I was blessed to grow up on land that bordered a 9000 acre hunting club my family belonged to. In later years I joined that club. Because of this, from the age of 8 or so I explored and hunted that 9000 acres year round. Even after I was "grown" I was able to spend time exploring and scouting that land probably 200-250 days out of the year.

Because of this, I learned that land like it was my backyard. I knew every creek and drainage, every thicket, every hill or valley and every hidden spot that others (some who had hunted that same land for decades) didn't even know existed. I also learned the deer on that land. I knew where they fed, where they bedded, where they traveled at different times of the year or in different weather. Best of all, I learned where they went and how they traveled when under pressure.

Believe me there was a lot of pressure. The club members killed more than 100 bucks from that land every year. As a result, few bucks ever lived more than 2 or 3 years. That area of East Texas had LOTS of deer, but most were young and never got a chance to grow truly big racks.

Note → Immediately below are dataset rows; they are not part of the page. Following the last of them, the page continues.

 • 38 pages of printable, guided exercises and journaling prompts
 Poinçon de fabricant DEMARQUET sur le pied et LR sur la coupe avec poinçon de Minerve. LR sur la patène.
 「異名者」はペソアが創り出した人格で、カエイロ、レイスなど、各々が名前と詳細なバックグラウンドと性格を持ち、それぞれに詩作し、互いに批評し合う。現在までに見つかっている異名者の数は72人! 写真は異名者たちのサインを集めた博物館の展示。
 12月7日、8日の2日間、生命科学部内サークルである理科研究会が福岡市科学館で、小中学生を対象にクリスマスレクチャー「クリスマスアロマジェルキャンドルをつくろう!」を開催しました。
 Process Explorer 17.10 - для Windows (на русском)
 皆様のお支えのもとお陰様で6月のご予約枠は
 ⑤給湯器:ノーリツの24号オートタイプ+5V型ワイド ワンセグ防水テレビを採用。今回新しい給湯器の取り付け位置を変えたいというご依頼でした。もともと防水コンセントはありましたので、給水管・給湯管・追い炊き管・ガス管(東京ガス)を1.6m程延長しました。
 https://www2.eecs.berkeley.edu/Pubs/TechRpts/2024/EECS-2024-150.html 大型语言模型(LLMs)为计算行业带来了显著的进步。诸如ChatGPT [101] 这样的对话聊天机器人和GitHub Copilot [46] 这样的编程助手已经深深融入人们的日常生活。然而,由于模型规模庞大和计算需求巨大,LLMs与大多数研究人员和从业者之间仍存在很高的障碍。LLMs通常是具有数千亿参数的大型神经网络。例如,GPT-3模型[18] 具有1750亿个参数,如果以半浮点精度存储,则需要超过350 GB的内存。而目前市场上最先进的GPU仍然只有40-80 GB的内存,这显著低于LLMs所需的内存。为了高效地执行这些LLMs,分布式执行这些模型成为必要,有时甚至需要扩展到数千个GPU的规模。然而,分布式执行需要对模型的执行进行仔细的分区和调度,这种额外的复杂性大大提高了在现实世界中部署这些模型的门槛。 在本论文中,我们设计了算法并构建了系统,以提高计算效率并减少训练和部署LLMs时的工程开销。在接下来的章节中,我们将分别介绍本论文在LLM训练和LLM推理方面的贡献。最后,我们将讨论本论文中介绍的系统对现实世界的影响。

This, combined with the fact that East Texas doesn't have the genetics to grow bucks like in South Texas or other "trophy" areas of Texas meant that killing a really big buck was near impossible. Sure occasionally a real trophy was killed in the area, but it was mostly luck when it happened. Even the best hunters couldn't kill those kind of deer with any regularity.

Still....because I knew the land so well (and the deer) I managed to kill a better than average buck each year (sometimes two) for some 25 years . In most years I killed the best buck (some years the best two bucks) taken each year in our club. I have 14 or 15 bucks who's racks are on my wall that score between 125 and 150 inches.....but never a truly BIG one.

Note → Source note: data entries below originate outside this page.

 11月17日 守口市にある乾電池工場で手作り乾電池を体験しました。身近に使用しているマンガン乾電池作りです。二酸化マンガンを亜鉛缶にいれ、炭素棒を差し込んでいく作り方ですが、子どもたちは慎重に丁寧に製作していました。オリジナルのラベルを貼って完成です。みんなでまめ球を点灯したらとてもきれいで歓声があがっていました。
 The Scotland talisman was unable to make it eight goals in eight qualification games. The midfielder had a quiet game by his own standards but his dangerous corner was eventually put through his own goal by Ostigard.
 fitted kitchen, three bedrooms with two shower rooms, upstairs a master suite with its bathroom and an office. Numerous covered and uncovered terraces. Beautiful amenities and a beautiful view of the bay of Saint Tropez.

Then in 1978 I spotted the buck that was to lead me on a merry chase....and become my most memorable trophy. The first time I saw this buck was about two weeks before the season opened. I was scouting along a creek that was hidden and almost unknown to most members of our club. When I first laid eyes on him he was a very nice buck (for our area) with 8 long points and an inside spread of maybe 14-15 inches. While the spread and point length were good, the thickness of his horns told me this deer was young (I guessed him at 2 1/2 years old at the time). I "knew" he really needed time to grow, but with the pressure the deer got in our club....I'd have shot him dead that year if I'd gotten the chance. He was in the act of making a scrape the first time I saw him and I felt sure I'd get that chance when the season opened so I slipped quietly away.

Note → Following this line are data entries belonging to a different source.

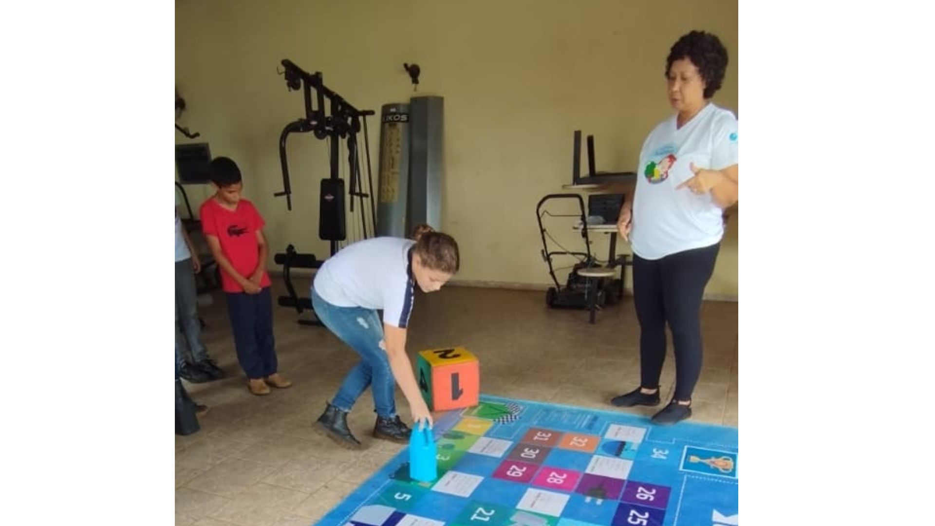 A atividade consiste em um tapete educativo no qual as crianças jogam o dado e avançam casas, sendo incentivadas a refletir sobre hábitos positivos e negativos no cuidado com o planeta. Quando caem em casas que representam atitudes prejudiciais, como “jogou lixo no chão”, precisam retornar algumas posições. Já nas casas com boas práticas, como “plantar uma árvore melhora a umidade do ar”, avançam no percurso, reforçando o impacto das escolhas conscientes.
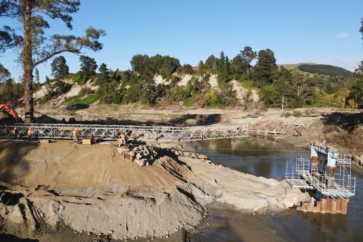 On Friday 31 March 2023, four weeks after the cyclone struck, a temporary Bailey bridge was opened largely in thanks to a display of true industry collaboration. Downer joined the Hastings District Council, Berkett Earthmovers, Fulton Hogan, Lattey Group, many subcontractors, and locals in the effort to establish a reliable and safe route across the awa (river).
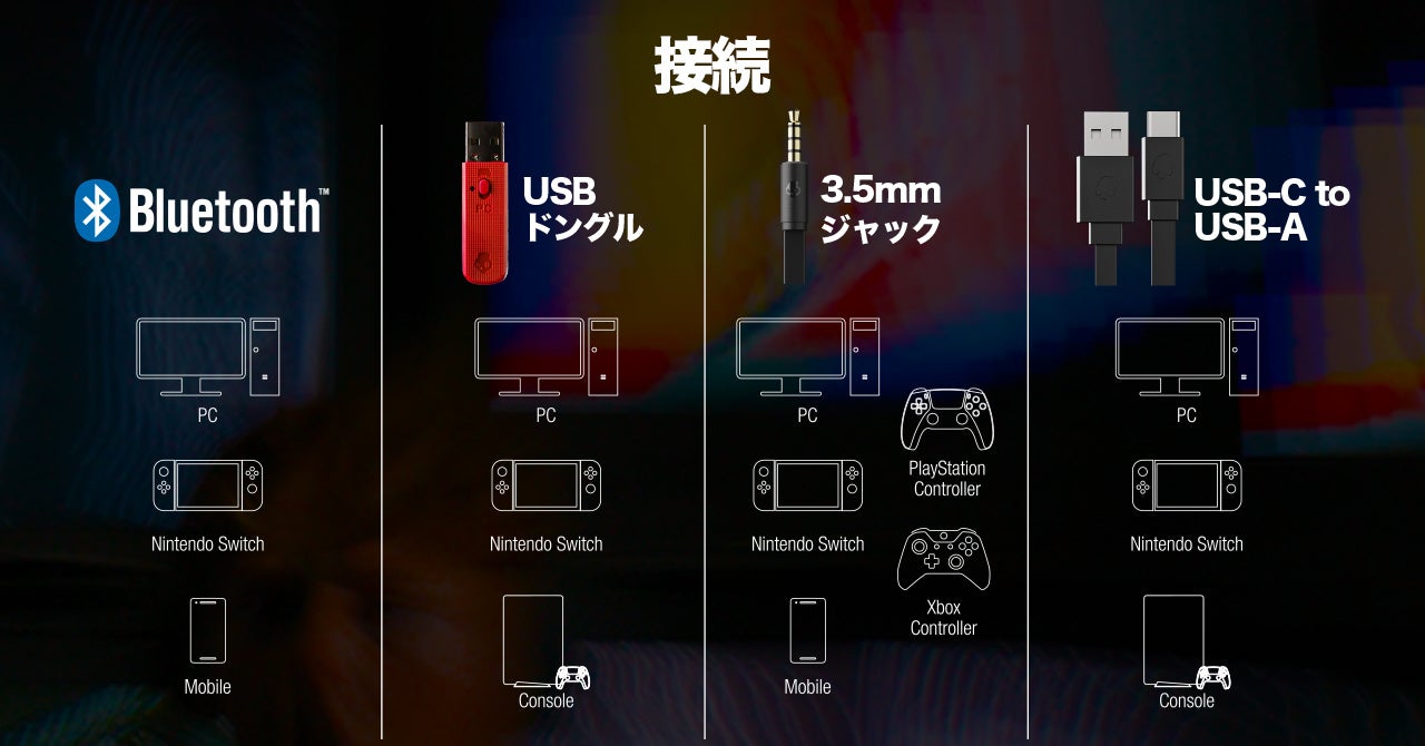 PC、Nintendo Switch™、PlayStation™、Xbox、モバイルデバイスにも接続可能です。これらのデバイスには、ドングル(2.4GHz)、Bluetooth®5.3、USB-C、3.5mmAUXケーブルを使って接続でき、ゲームの種類や用途に応じて使用することができます。

Two weeks later I slipped slowly toward that scrape. I had foolishly depended on my hunting partner to wake me that morning instead of setting my own alarm. He woke before dark and it was raining like a cow pissing on a flat rock, so he didn't wake anyone in our camp thinking hunting that morning was useless. I woke shortly after and cursing him rushed to the woods, knowing I was "late".

It was just getting light as I approached the bottom where the scrape was. The rain had stopped with just a slow mist coming down. I "should" have been on stand an hour earlier so I was "rushing slowly" along the creek. I should have been more alert, but because of the late start was in a hurry to get to my chosen stand site. I could hear raindrops splattering hard from time to time as I moved along, but just "assumed" it a squirrel knocking drops from the treetops.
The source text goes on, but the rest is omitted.